Until recently this has not been an issue for private landlords, but in Malik v Grow Heathrow, Judge Walden-Smith decided that Article 8(2) could apply even where the landowner is a private individual and the occupiers are trespassers.

Although the landlord obtained an order for possession, it was suspended for six weeks to allow the trespassers to appeal, and the human rights issue has been sent to the Court of Appeal to decide.
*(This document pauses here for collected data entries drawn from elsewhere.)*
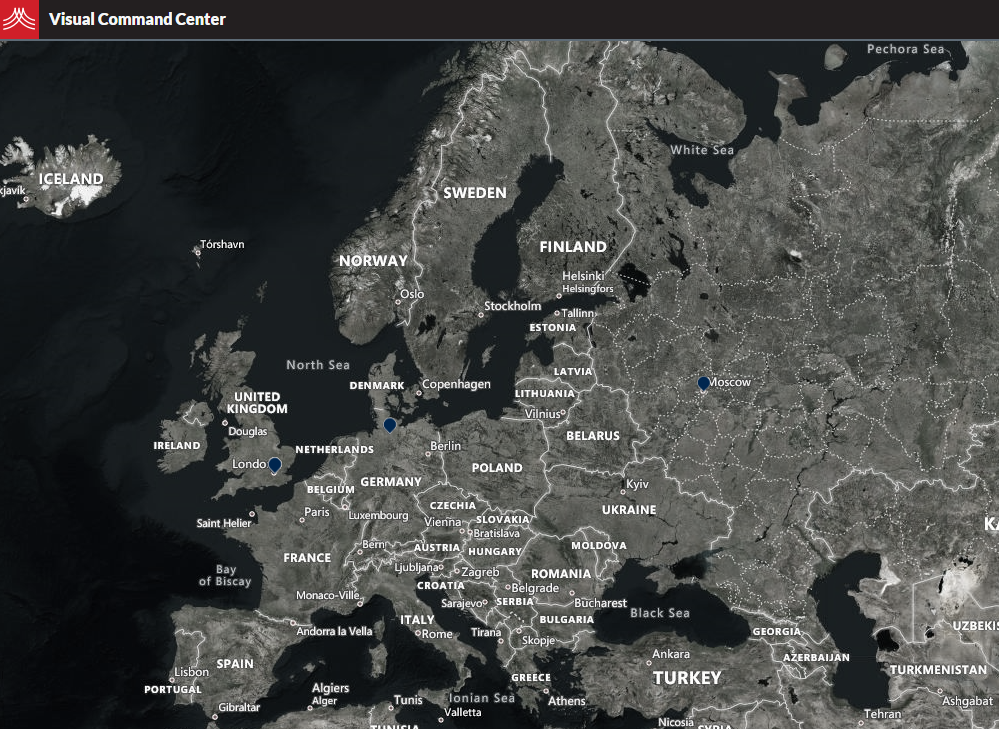 To see individual assets displayed as points for an area, zoom in until there are less than 1,000 assets in view.For example, this zoomed in view of Europe shows points for the few assets located there: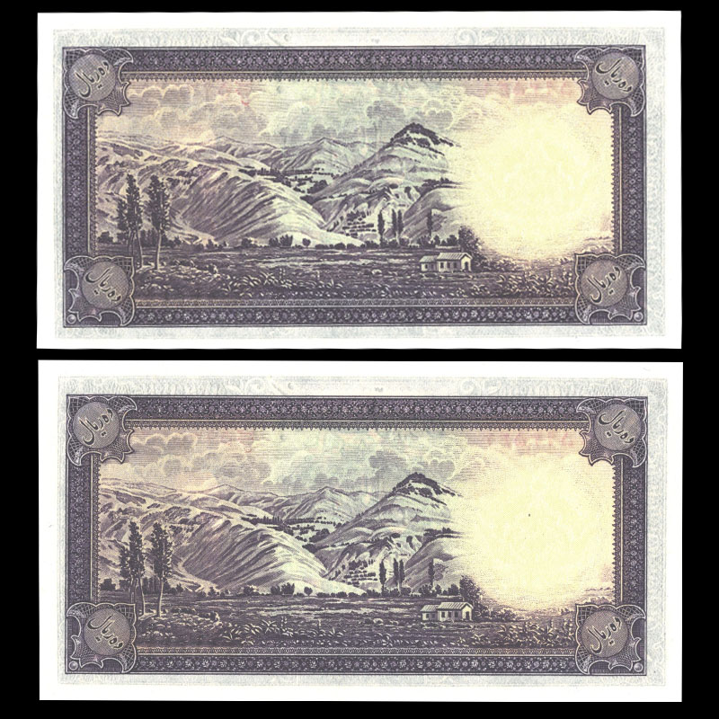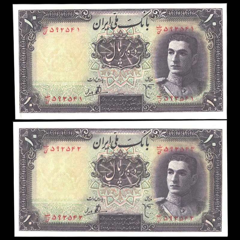 اسکناس زیبا ده ریال محمدرضا شاه پهلوی با استفاده از تصویر جوان او در روی اسکناس و با طراحی مشابه اسکناس های رضاشاه به چاپ رسید.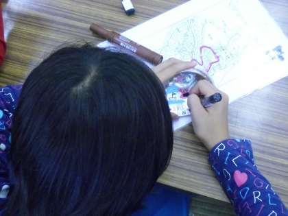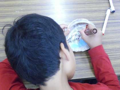 貝殻ペイント作成中です。すごい集中力です。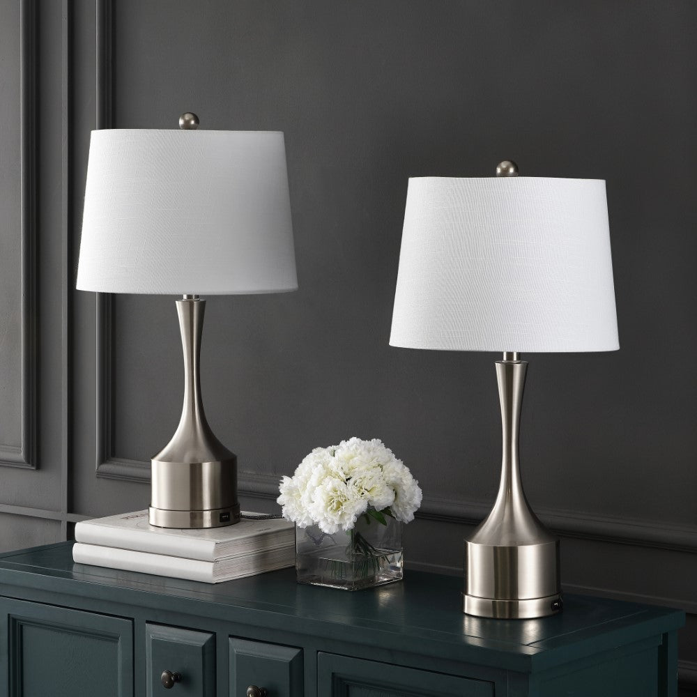 A sleek metal finish and classic drum shade give this pair of lamps a clean, modern look. While perfect for resort and office interiors, these lamps include energy-saving LED bulbs for bright, warm light. A pair of these can add understated style to a bedroom, living room, or entry console.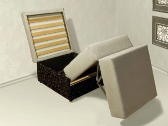 - Transformers are a seat that, with a slight movement of the hand, turns into a small sofa, folding bed or coffee table. There is a pouf cabinet with storage boxes.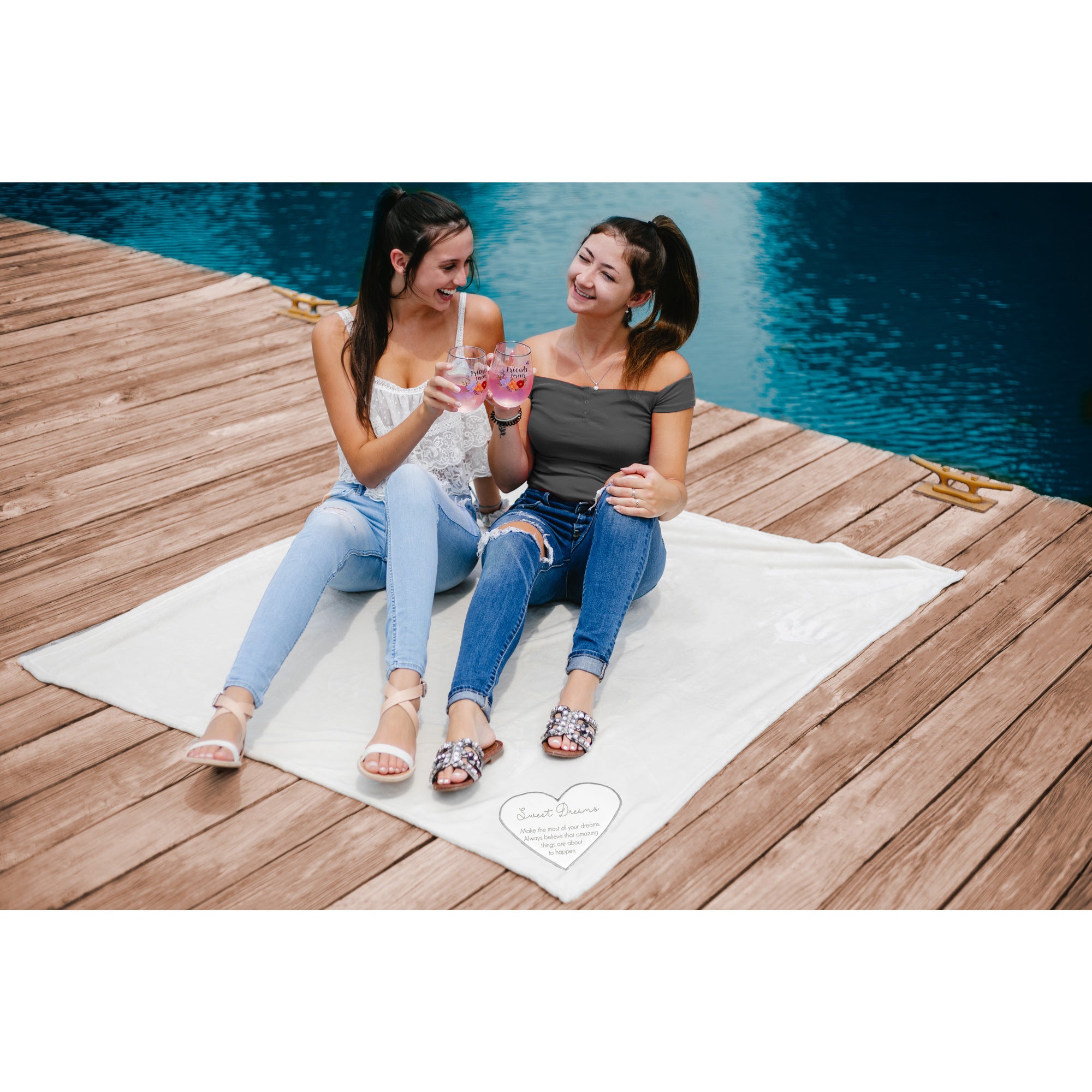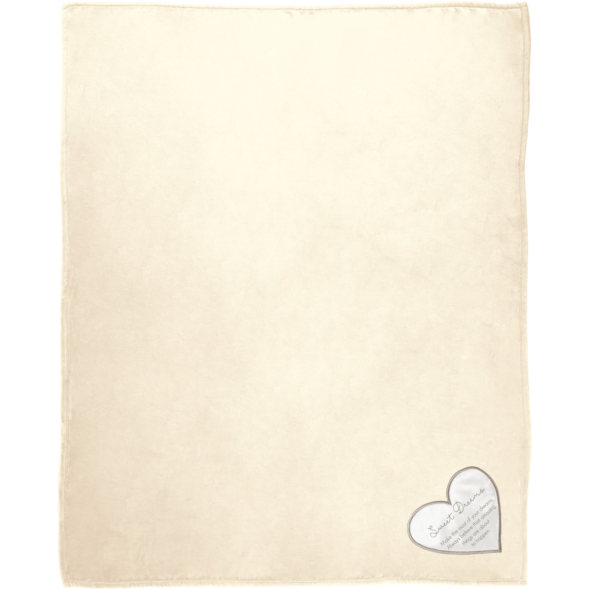 - IN-HOUSE DESIGN: Beige "Sweet Dreams - Make the most of your dreams. Always believe that amazing things are about to happen" printed uplifting and comforting sentiment is featured on the bottom right corner of the front of the silver/gray home décor blanket on a white heart embroidered edge patch.

How does this affect the private sector?:

  • If the Court of Appeal decides that Article 8(2) applies to private landowners, they may have to comply with the Deputy Prime Minister's 'Guidance on Managing Unauthorised Camping' when evicting trespassers. This will increase the delay and expense involved.
  • At this time private landowners have the ability at common law to use reasonable force to remove trespassers from their land. If the appeal succeeds that ability might disappear.
  • The timing of the decision is interesting. Squatting at residential properties became a criminal offence on 1 September 2012, under the Legal Aid, Sentencing and Punishment of Offenders Act. Landlords can assume that squatters, who are well-informed about the law, will probably turn their attention from residential to commercial property.
  • Landlords should remember that they have human rights too: Article 1 of Part II the Human Rights Act entitles landlords to the peaceful enjoyment of their property. Perhaps it is time for a landlord to bring their own human rights claim?